Cognitive Solutioning of Highly-Valued IT Service Contracts

  • Shubhi AsthanaEmail author
  • Aly Megahed
  • Ahmed Nazeem
Conference paper
Part of the Springer Proceedings in Business and Economics book series (SPBE)


Different service providers compete to win high valued IT service contracts in a tender kind of process, by providing comprehensive solutions that would fulfil the requirements of their client. Client requirements include services such as account management, storage systems, databases, and migrating the client infrastructure to the cloud. Preparing a solution is a step-wise process where a client shares the Request for Proposals (RFP) which documents the details of services required, and then service providers prepare solutions to fulfil these RFPs. The latter, usually referred to as “solutioning”, can be a lengthy, time-consuming process. Therefore, solutioning automation could result in efficiency increases and cost reductions for the providers. In this paper, we propose an automated, cognitive, end-to-end solutioning methodology that is comprised of 3 steps. The first step involves a textual analytics approach for mining the RFP documents, and extracting the client requirements and constraints. Second, we formulate an optimization model that chooses the optimal set of offerings (that the provider can offer) and their attribute values that cover the client requirements at a minimum cost. Finally, we require market benchmarks to compute pricing of the chosen offerings. Market benchmarks are sometimes unknown for some offerings or for some attributes of these offerings.

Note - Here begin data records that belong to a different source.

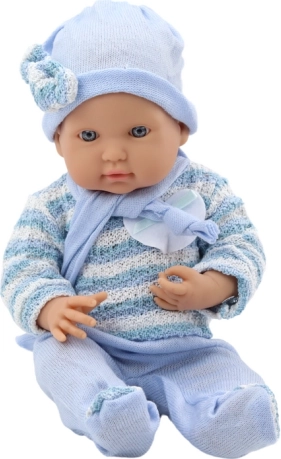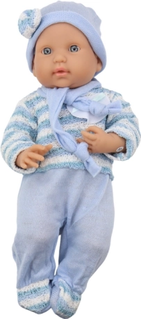 Sød babydukke i blåstribet sweater med hue og halstørklæde, der vil glæde enhver lille omsorgsperson. Den byder på realistisk udformning, bevægelige arme og ben samt bløde strikkede outfits af sikre materialer. Ideel legetøj til børn fra 18 måneder.
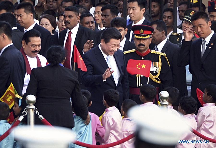 Sri Lankan President Mahinda Rajapaksa holds a grand welcoming ceremony for Chinese President Xi Jinping in Colombo, Sri Lanka, Sept. 16, 2014. (Xinhua/Li Tao)
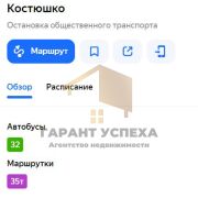 Транспортное сообщение: о.п. «Костюшко» автобус 32, а также маршрутное такси 35.
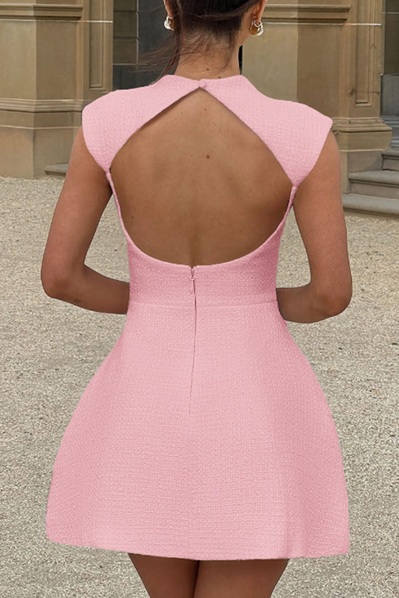 Your new dress presents a high neckline with pockets and a tailored silhouette. Perfect for a polished yet casual mini style.
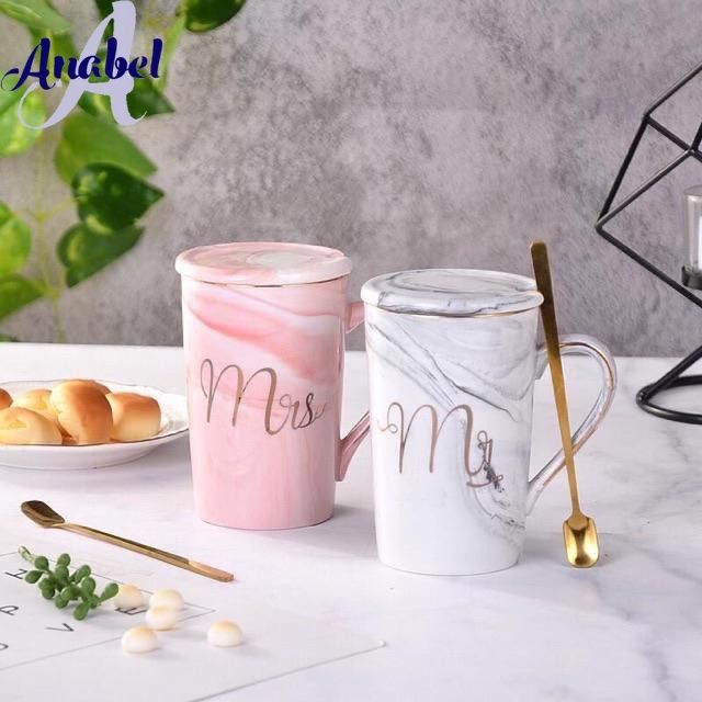 GELAS MINUM AESTHETIK Gelas Couple Mug Set Mr & Mrs 2In1 26H0H98
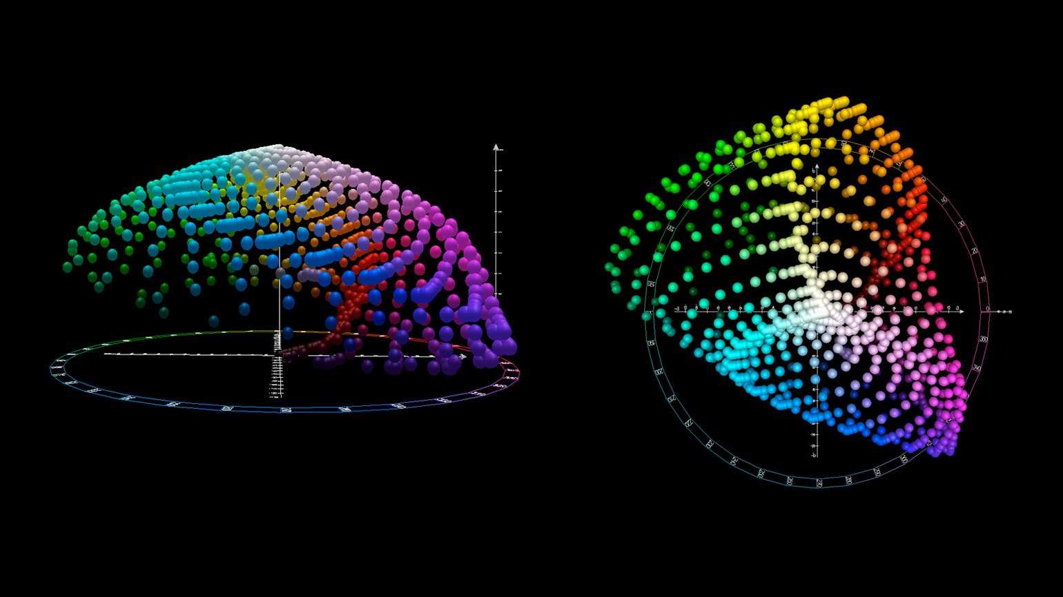 Также было важно, чтобы изменение значений координат было нелинейным и приводило к изменению цвета по логике, близкой к осознанию цвета человеком.. Трёхмерная визуализация пространства LAB: фронтальный вид и вид сверху
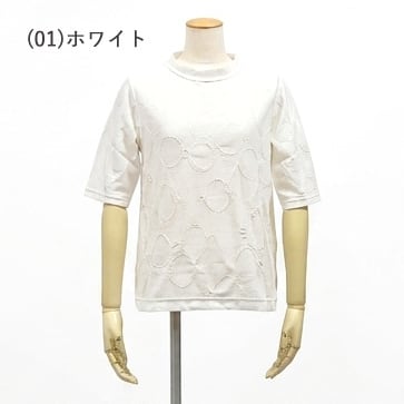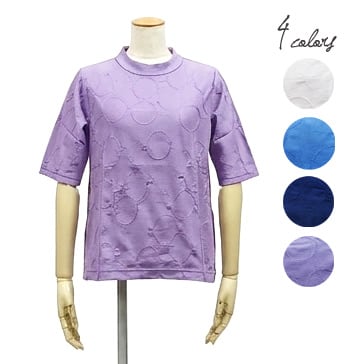 繊細なリング状の模様が浮き出たジャカード地が魅力的なこのカットソーは、シンプルでありながら存在感を放つ一着です。二の腕をしっかりと隠す絶妙な袖丈は、体型を気にする方にも嬉しいデザイン。ガーゼのように柔らかな素材が、肌に優しくフィットし、快適な着心地を提供します。モックネックのデザインは、首元をしっかりと包み込んでくれる安心感があります。このアイテム一枚でおしゃれなスタイリングが完成しますので、普段使いからちょっとしたお出かけまで幅広く活躍すること間違いなしです!
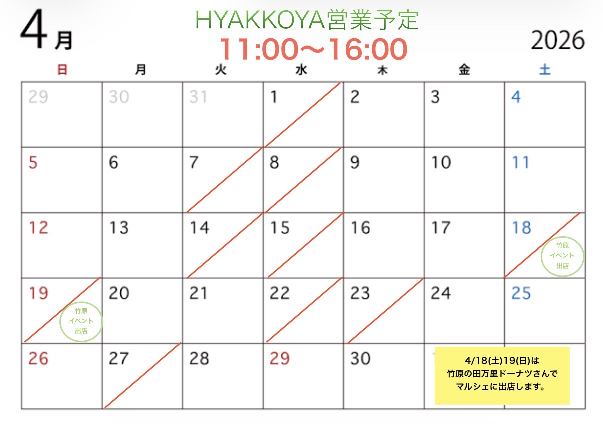 0845-25-6555 info@hyakkoya.com営業時間:11:00〜16:00(売切れ次第終了)
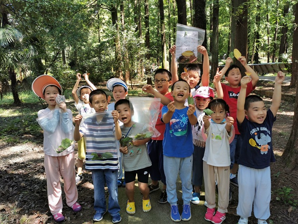 在户外,两位老师带领小朋友们沿路探寻并收集各种叶片,大家一路都有惊喜的发现:“哇,我找到心形的叶子啦”,“这个叶子是紫色的三角形,真漂亮啊”,“竟然还有像羊蹄的叶子”老师还带领大家认识了国家二级保护植物马褂木形似马褂的叶片…… 孩子们在探寻叶子的过程中,一路热情兴奋,情绪高昂。
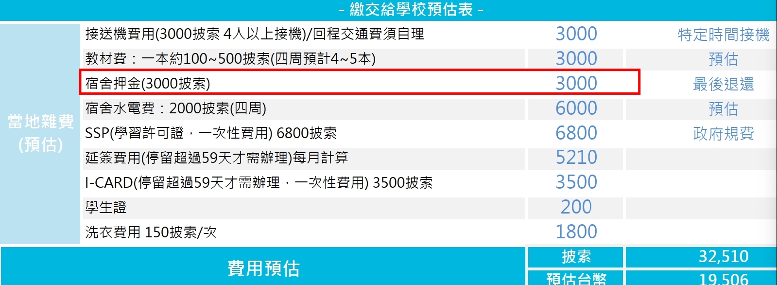 另外,菲律賓的語言學校有一些如果是跟飯店合作的住宿,像是CBOA(學校租用飯店幾層樓作為學生宿舍,此種的學校押金就會再更多一點,依照住宿飯店的押金規定為準,正常會多於5000披索),週數越長住宿押金越多。

Thus, in that third step, we show an iterative method to estimate the missing benchmarks along with a confidence score. We validate our methodology by applying it to a real-world application with a comprehensive dataset. We show that it takes minutes to run our method, compared to the days and sometimes weeks for the case of manual solutioning. We also illustrate that our methodology provides more accurate solutions compared to manual solutioning.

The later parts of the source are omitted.